Senate Majority Leader Mitch McConnell has traded his no "blue state bailouts" demand in the next big coronavirus stimulus package—CARES 2 or Phase 4, if you're keeping track—for a new "red line": no liability for companies who force their workers back on the job if those workers become ill or die of COVID-19.
Just to be absolutely clear here, McConnell is saying workers and customers of businesses that expose them to coronavirus would have no protection at all—there would be no incentive for those business owners, beyond having any sense of personal responsibility or humanity, to provide a safe workplace or market. And he says that's the only way he'd let the next bill pass in the Senate.
"My red line going forward on this bill is we need to provide protection, litigation protection, for those who have been on the front lines. […] We can't pass another bill unless we have liability protection," McConnell told Fox News Tuesday, saying it was a "condition" for the next bill having aid for states and local governments. "You have to carefully craft the liability protection to deal with the money that would be supplied to state and local governments conditioned upon them enacting at the state level the kind of legislation that would provide liability protection for those that are seeking to go forward and get the economy back to work," McConnell said.
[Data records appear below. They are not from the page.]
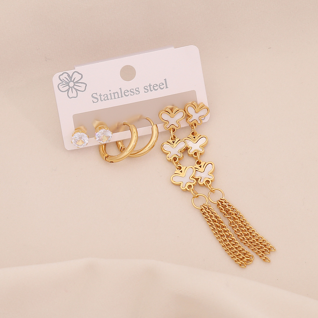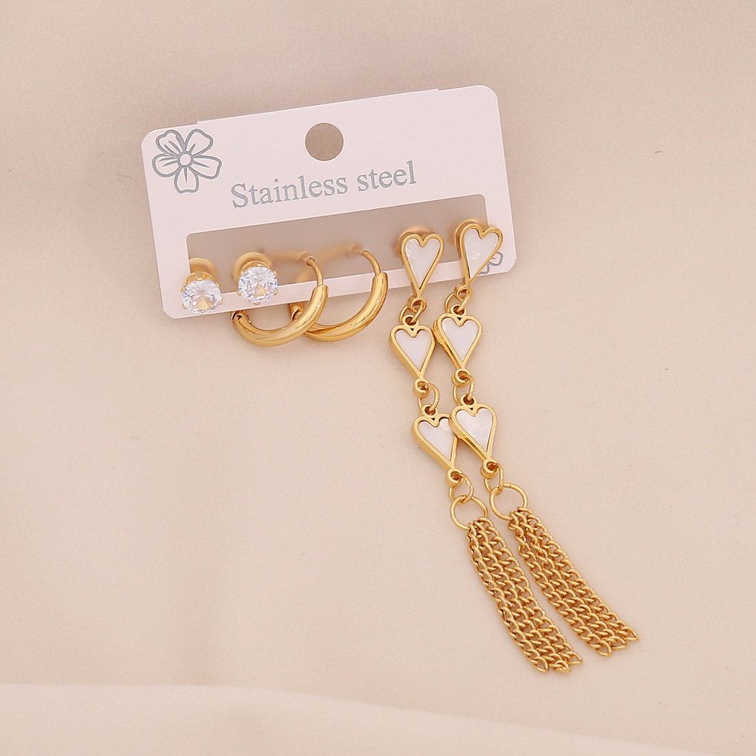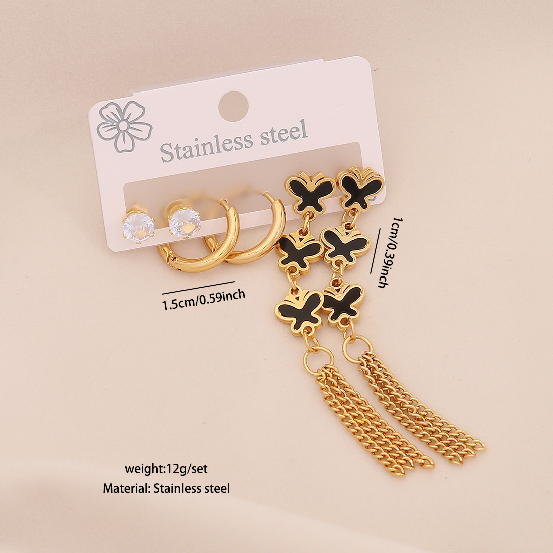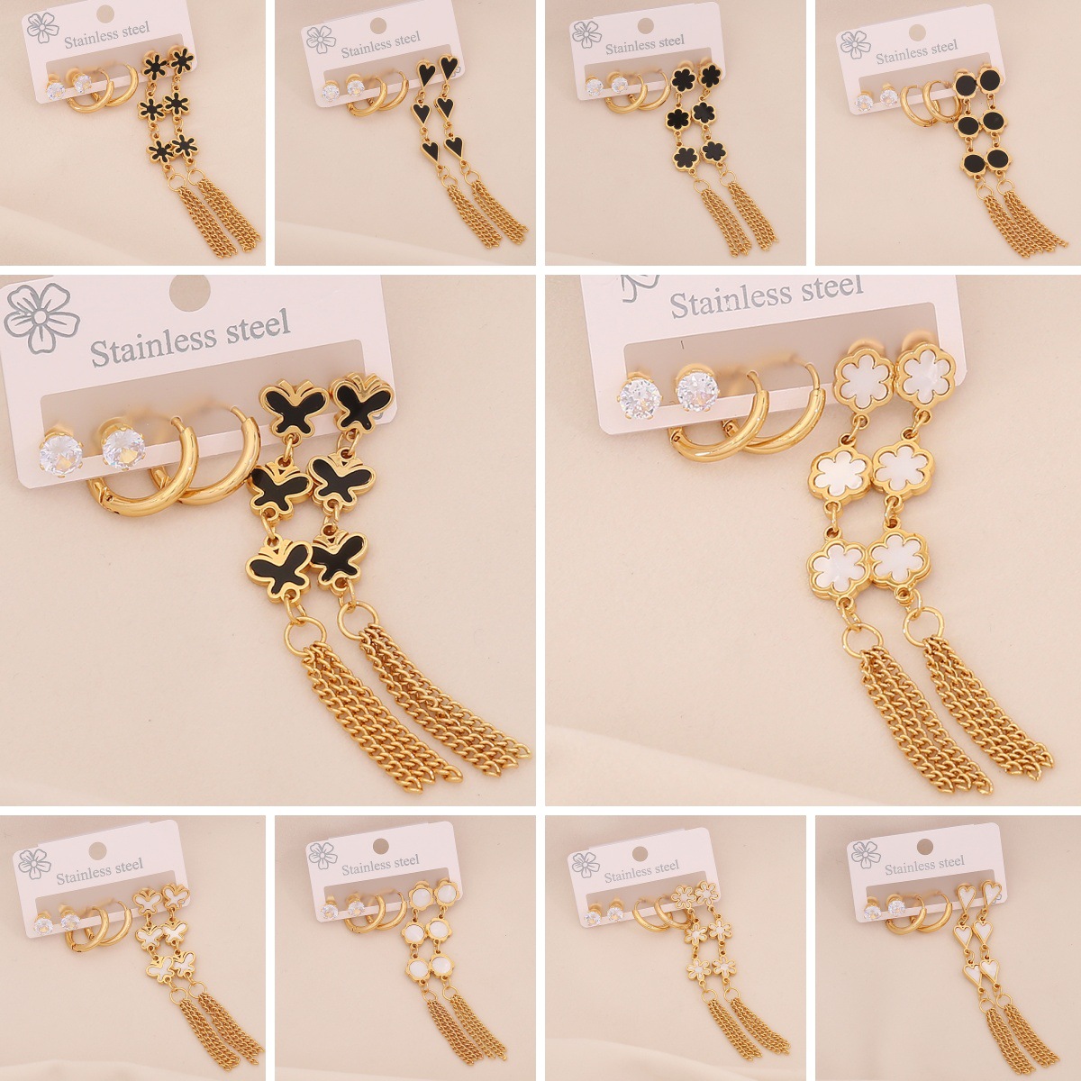 Edelstahl Tropfen Ohrring, 304 Edelstahl, mit Acryl, goldfarben plattiert, drei Stücke & verschiedene Stile für Wahl & für Frau & mit Strass, keine, verkauft von setzen
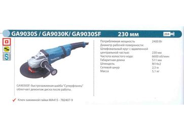 - Шлифмашина угловая MAKITA GA 9030 SF 01 (2400Вт, 230мм, 6600об мин, 5.1кг, пл.пуск, кейс) по выгодной цене 6 300 р. руб.;
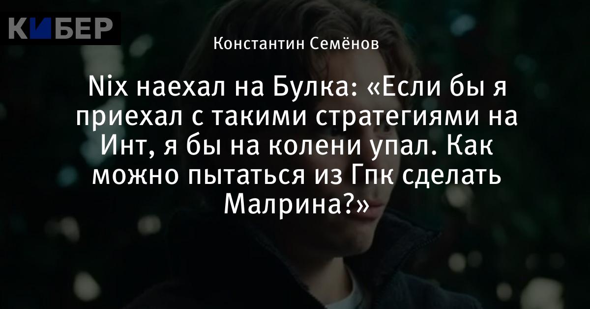 Nix наехал на Булка: «Если бы я приехал с такими стратегиями на Инт, я бы на колени упал. Как можно пытаться из Гпк сделать Малрина?»
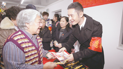 2015年11月,黄晓明在天津为老人发放黄手环
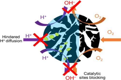 微生物燃料電池的長期運行會導(dǎo)致活性炭空氣陰極性能明顯降低。微生物燃料電池可以在廢水處理期間通過使用產(chǎn)電菌從有機物中提取電力來收集能量。由產(chǎn)電菌通過氧化有機物釋放電子,并通過外部電路轉(zhuǎn)移到陰極,在那里通常發(fā)生氧氣還原。微生物燃料電池中使用空氣陰極來減少用于處理的能量,從而避免需要充水。活性炭由于催化活性高,成本低,因此是電池中空氣陰極的有效氧還原反應(yīng)的催化劑。
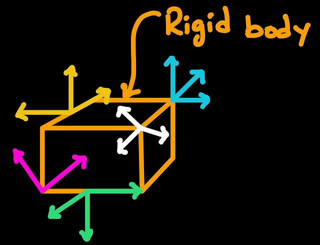 For most applications in 3D space, this group of objects will be a set of three orthogonal unit vectors that are defined following the right-hand rule.

House Speaker Nancy Pelosi batted his bluster away. "I don't think at this time, with the coronavirus, that there's any interest in having any less protection with our workers," Pelosi said Tuesday on MSNBC. "We don't need any prescription from anybody about mythology or just excuses not to do the job. It's really sad—it's disgraceful, because there is such tremendous need." Majority Leader Steny Hoyer added that Democrats "do not want to make such action contingent upon any actions that we take on behalf of employees and employers and the public."
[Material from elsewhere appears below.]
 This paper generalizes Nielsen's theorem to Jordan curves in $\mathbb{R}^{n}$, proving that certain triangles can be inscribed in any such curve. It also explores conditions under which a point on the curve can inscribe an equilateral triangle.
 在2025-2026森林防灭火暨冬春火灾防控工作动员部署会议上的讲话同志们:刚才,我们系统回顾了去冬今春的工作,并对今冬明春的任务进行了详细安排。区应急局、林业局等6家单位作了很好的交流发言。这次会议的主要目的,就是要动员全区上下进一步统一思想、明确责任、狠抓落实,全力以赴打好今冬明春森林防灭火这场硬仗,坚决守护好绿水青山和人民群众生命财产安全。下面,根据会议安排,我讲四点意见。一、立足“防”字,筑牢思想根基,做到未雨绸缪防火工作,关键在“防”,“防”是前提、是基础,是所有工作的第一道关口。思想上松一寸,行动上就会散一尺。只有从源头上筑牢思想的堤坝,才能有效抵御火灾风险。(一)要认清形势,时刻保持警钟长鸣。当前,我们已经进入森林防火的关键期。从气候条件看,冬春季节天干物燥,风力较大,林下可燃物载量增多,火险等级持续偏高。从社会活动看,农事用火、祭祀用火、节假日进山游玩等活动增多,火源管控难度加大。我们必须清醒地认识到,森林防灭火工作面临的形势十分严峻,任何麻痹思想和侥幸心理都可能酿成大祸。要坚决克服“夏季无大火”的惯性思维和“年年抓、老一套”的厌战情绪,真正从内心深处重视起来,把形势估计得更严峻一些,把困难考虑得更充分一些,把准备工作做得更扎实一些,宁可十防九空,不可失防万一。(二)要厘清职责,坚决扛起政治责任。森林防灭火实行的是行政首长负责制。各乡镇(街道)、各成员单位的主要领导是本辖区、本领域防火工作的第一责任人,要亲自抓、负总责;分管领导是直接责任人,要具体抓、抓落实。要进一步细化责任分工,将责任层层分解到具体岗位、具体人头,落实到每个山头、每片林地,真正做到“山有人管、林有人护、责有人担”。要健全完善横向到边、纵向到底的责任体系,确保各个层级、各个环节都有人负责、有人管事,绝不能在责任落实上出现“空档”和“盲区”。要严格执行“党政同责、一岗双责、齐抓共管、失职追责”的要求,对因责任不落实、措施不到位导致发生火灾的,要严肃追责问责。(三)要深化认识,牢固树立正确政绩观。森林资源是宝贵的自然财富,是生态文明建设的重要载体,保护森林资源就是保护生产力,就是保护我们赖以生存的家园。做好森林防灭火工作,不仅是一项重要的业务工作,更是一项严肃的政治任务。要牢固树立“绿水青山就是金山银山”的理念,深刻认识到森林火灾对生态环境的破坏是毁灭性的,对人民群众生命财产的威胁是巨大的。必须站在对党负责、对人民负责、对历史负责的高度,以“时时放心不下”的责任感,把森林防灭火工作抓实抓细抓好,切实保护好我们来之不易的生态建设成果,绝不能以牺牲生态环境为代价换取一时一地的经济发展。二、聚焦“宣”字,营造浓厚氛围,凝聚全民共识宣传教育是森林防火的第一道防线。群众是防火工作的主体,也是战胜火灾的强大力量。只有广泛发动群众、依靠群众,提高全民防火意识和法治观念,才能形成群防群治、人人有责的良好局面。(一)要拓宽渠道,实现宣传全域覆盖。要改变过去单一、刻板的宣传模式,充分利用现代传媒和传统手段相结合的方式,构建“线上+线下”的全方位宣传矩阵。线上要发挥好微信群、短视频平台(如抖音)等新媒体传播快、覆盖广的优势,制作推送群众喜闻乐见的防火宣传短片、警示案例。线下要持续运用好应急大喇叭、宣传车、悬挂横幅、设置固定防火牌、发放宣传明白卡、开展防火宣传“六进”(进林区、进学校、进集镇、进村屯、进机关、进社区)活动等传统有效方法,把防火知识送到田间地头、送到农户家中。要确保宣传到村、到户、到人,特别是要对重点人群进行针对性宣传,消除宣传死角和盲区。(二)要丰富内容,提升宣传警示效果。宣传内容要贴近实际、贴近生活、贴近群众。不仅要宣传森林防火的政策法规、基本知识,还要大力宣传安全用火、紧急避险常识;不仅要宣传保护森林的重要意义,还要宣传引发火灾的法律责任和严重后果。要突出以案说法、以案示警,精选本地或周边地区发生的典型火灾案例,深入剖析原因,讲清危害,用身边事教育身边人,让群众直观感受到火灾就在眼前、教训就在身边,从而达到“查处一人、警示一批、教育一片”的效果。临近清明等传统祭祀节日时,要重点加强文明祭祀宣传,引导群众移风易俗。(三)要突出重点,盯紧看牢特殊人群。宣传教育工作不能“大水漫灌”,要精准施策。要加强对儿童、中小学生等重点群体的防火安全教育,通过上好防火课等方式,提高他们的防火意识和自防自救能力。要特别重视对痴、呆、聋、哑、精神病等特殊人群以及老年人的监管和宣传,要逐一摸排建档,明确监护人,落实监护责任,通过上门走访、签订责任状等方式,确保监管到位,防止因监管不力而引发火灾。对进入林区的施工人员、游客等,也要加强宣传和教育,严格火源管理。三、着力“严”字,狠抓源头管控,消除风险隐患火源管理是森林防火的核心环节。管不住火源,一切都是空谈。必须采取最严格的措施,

"Is he saying if an owner tells a worker they have to work next to somebody who might have coronavirus, without a mask or PPE, that that owner wouldn't be liable? That make no sense," Senate Democratic Leader Chuck Schumer asked, rhetorically, because that's exactly what McConnell is proposing. He said McConnell trying to tie this to state and local aid is "subterfuge" and "wrong," and that McConnell has to "stop putting barriers in the way" of more money for local governments.
There's even some pushback to this idea in the business community, which wants to make sure they're not painted as backing McConnell's free-for-all. Kent Swig, president of Swig Equities, LLC, a privately owned real estate investment and development company, said: "If there is no liability on the part of employers without a set of rules by which employers have to abide by, then that means you can have a wild wild West. […] You have to have a balance and you have to have rules and regulations." The general counsel for the National Association of Manufacturers (NAM), by no means an even politically moderate trade group, says they are "not trying to protect bad actors, and we are also not saying that liability should be completely eliminated." NAM, Linda Kelly says, believes "there should be a higher standard in place in order to impose legal liability and that employers who are doing the best that they can with the knowledge they have should not be subject to legal liability."
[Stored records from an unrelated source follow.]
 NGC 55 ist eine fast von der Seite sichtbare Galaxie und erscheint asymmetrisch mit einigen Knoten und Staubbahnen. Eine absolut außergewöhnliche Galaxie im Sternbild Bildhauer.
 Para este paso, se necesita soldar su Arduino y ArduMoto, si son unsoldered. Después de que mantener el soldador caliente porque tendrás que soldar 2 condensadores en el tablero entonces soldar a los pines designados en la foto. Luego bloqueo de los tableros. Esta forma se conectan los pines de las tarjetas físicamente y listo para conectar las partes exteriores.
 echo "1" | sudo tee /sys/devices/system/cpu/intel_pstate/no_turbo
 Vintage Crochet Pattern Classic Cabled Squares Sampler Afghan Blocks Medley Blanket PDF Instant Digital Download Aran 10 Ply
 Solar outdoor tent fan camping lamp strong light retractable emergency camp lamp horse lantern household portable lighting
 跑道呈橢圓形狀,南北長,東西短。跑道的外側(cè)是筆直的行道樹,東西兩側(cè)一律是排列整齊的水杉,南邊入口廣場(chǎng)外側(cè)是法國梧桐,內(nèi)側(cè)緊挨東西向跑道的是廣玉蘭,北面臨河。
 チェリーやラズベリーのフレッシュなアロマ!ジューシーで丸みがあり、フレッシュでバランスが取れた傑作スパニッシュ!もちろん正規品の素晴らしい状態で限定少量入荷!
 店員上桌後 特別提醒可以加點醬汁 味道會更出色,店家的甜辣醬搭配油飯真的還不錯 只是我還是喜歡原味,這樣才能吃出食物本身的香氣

Democrats have been talking about $500 billion in aid to state and local governments to make up for revenue lost in the crisis. That's money that pays utility and transit workers, cops and firefighters, teachers and all public service employees. McConnell is holding all that hostage (because hostage-taking is his thing) to allow business owners to endanger their workers and the public at large with no fear of repercussions. That's so far out of the mainstream that Democrats should be laughing in his face.